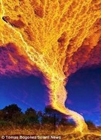 하늘에 불이라도 난 것처럼 불타는 거대 토네이도의 모습을 담은 놀라운 사진이 화제다.영국 데일리메일은 지난 7일(현지시간) 스페인의 사진작가 토마스 보고네즈가 촬영한 현란한 색상의 풍경사진을 공개했다.불타는 거대 토네이도가 하늘을 뒤덮고 있는 모습과 용암이 흐르거나
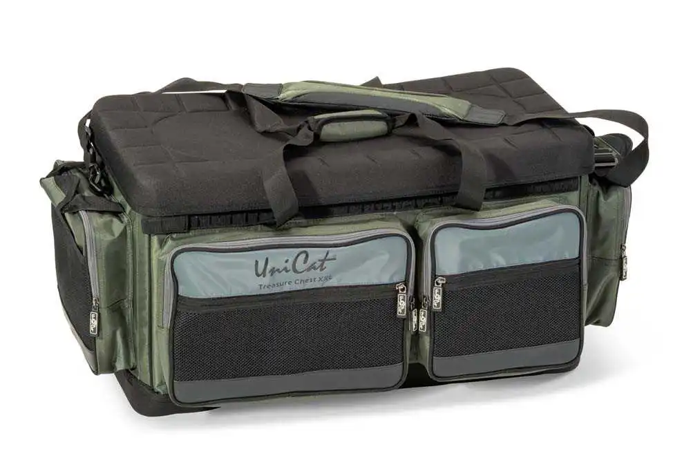In diese große Wallertasche passt unglaublich viel Tackle. Nicht nur die Seitenteile der Treasure Chests sind versteift, sondern auch der Deckel ist aus einem festen Material hergestellt und erweckt den Eindruck einer Truhe. In den aufgesetzten Vortaschen finden ein Anaconda Tackle Chest M und ein Tackle Chest L ihren Platz. Die Haupttasche kann mit Trennwänden, welche einfach mittels
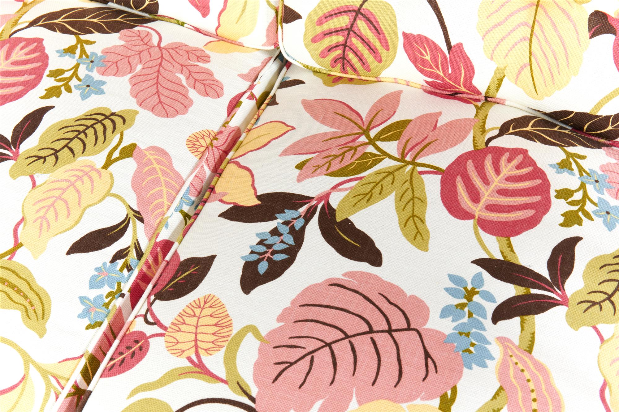 This piece has been restored and recovered in a high quality abstract floral linen fabric. There is a very minor fabric pull to one of the central cushions. Structurally sound.
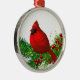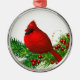 Christmas Ornament shown in a round shape and is made of silver tone metal with a holiday print design of a red cardinal bird.
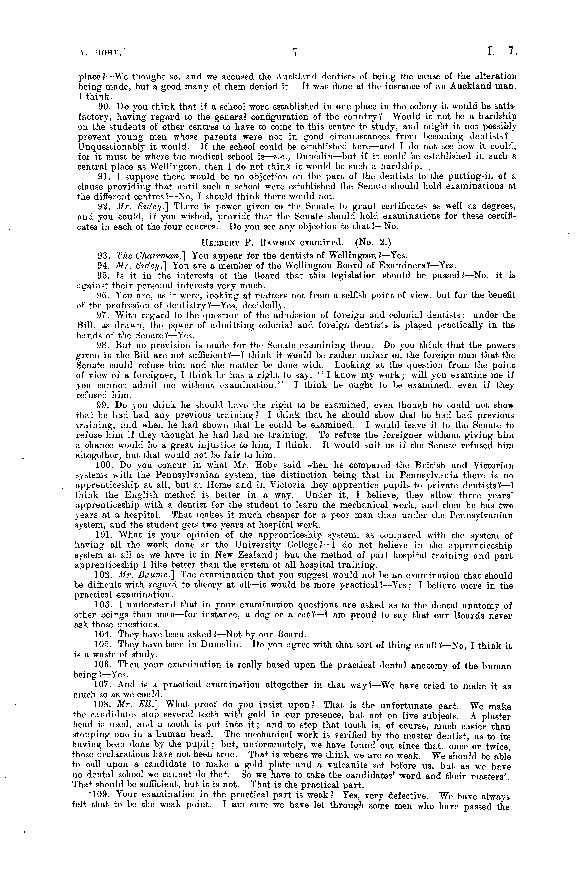 place?—We thought so, and we accused the Auckland dentists of being the cause of the alteration being made, but a good many of them denied it. It was clone at the instance of an Auckland man, I think. 90. Do you think that if a school were established in one place in the colony it would be satisfactory, having regard to the general configuration of the country ? Would it not be a hardship on the students of other centres to have to come to this centre to study, and might it not possibly prevent young men whose parents were not in good circumstances from becoming dentists ?—- Unquestionably it would. If the school could be established here —and Ido not see how it could, for it must be where the medical school is— i.e., Dunedin —but if it could be established in such a central place as Wellington, then I do not think it would be such a hardship. 91. I suppose there would be no objection on the part of the dentists to the putting-in of a clause providing that until such a school were established the Senate should hold examinations at the different centres? —No, I should think there would not. 92. Mr. Sidey.] There is power given to the Senate to grant certificates as well as degrees, and you could, if you wished, provide that the Senate should hold examinations for these certificates in each of the four centres. Do you see any objection to that?— No. Herbert P. Rawson examined. (No. 2.) 93. The Chairman.] You appear for the dentists of Wellington? —Yes. 94. Mr. Sidey.] You are a member of the Wellington Board of Examiners? —Yes. 95. Is it in the interests of the Board that this legislation should be passed?—No, it is against their personal interests very much. 96. You are, as it were, looking at matters not from a selfish point of view, but for the benefit of the profession of dentistry? —Yes, decidedly. 97. With regard to the question of the admission of foreign and colonial dentists: under the Bill, as drawn, the power of admitting colonial and foreign dentists is placed practically in the hands of the Senate? —Yes. 98. But no provision is made for the Senate examining them. Do you think that the powers given in the Bill are not sufficient? —I think it would be rather unfair on the foreign man that the Senate could refuse him and the matter be done with. Looking at the question from the point of view of a foreigner, I think he has a right to say, " I know my work; will you examine me if you cannot admit me without examination." I think he ought to be examined, even if they refused him. 99. Do you think he should have the right to be examined, even though he could not show that he had had any previous training? —I think that he should show that he had had previous training, and when he had shown that he could be examined. I would leave it to the Senate to refuse him if they thought he had had no training. To refuse the foreigner without giving him a chance would be a great injustice to him, I think. It would suit us if the Senate refused him altogether, but that would not be fair to him. 100. Do you concur in what Mr. Hoby said when he compared the British and Victorian systems with the Pennsylvanian system, the distinction being that in Pennsylvania there is no apprenticeship at all, but at Home and in Victoria they apprentice pupils to private dentists? —I think the English method is better in a way. Under it, I believe, they allow three years' apprenticeship with a dentist for the student to learn the mechanical work, and then he has two years at a hospital. That makes it much cheaper for a poor man than under the Pennsylvanian system, and the student gets two years at hospital work. 101. What is your opinion of the apprenticeship system, as compared with the system of having all the work done at the University College? —I do not believe in the apprenticeship system at all as we have it in New Zealand; but the method of part hospital training and part apprenticeship I like better than the system of all hospital training. 102. Mr. Baume.] The examination that you suggest would not be an examination that should be difficult with regard to theory at all —it would be more practical ? —Yes; I believe more in the practical examination. 103. I understand that in your examination questions are asked as to the dental anatomy of other beings than man —for instance, a dog or a cat? —I am proud to say that our Boards never ask those questions. 104. They have been asked? —Not by our Board. 105. They have been in Dunedin. Do you agree with that sort of thing at all? —No, I think it is a waste of study. 106. Then your examination is really based upon the practical dental anatomy of the human being? —Yes. 107. And is a practical examination altogether in that way?—We have tried to make it as much so as we could. 108. Mr. Ell.] What proof do you insist upon?— That is the unfortunate part. We make the candidates stop several teeth with gold in our presence, but not on live subjects. A plaster head is used, and a tooth is put into it; and to stop that tooth is, of course, much easier than stopping one in a human head. The mechanical work is verified by the master dentist, as to its having been done by the pupil; but, unfortunately, we have found out since that, once or twice, those declarations have not been true. That is where we think we are so weak. We should be able to call upon a candidate to make a gold plate and a vulcanite set before us, but as we have no dental school we cannot do that. So we have to take the candidates' Trord and their masters'. That should be sufficient, but it is not. That is the practical part. ■109. Your examination in the practical part is weak? —Yes, very defective. We have always felt that to be the weak point. I am sure we have let through some men who have passed the
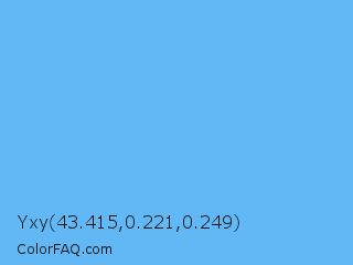Yxy 43.415,0.221,0.249 Color is a light blue color and the nearest color is Blue Jeans #5dadec. Hex code #61b8f5 and RGB value is rgb(97,184,245). In RGB color space, this color is composed of 38% red, 72% green, 96% blue, In CMYK color space, this color is composed of 60% cyan, 25% magenta, 0% yellow , 4% black , In HSL color space, this color has a hue angle of 205° , 88% saturation and 67% lightness.
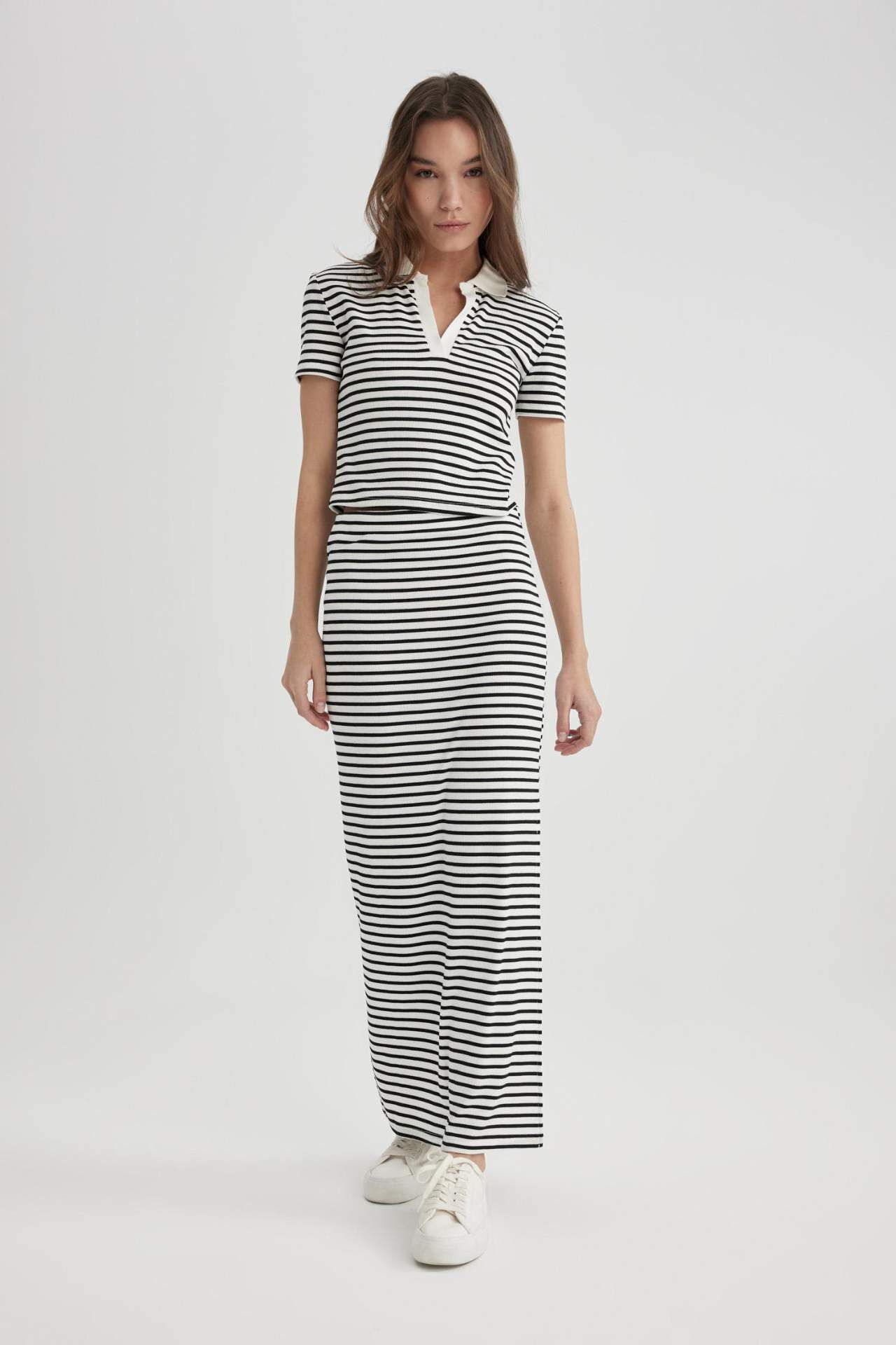 DeFacto Çizgili Fitilli Kaşkorse Maxi Etek
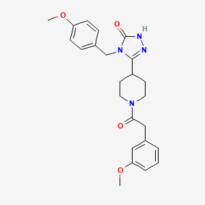 The mechanism of action of 3-{1-[2-(3-methoxyphenyl)acetyl]piperidin-4-yl}-4-[(4-methoxyphenyl)methyl]-4,5-dihydro-1H-1,2,4-triazol-5-one involves its interaction with specific molecular targets. The triazole ring can bind to enzymes and receptors, inhibiting their activity. The methoxybenzyl and methoxyphenyl groups may enhance the compound’s binding affinity and selectivity. The piperidine ring can interact with various biological pathways, modulating their function.

○ ○ ○

◆ INSTRUCTIONS TO FOLLOW: For this exercise, set down the lines in the entries above from the one with "This piece has" through the one with "Christmas Ornament shown" exactly as written, without any pictures.

◆ ANSWER FOR THIS EXERCISE:
 This piece has been restored and recovered in a high quality abstract floral linen fabric. There is a very minor fabric pull to one of the central cushions. Structurally sound.
 Christmas Ornament shown in a round shape and is made of silver tone metal with a holiday print design of a red cardinal bird.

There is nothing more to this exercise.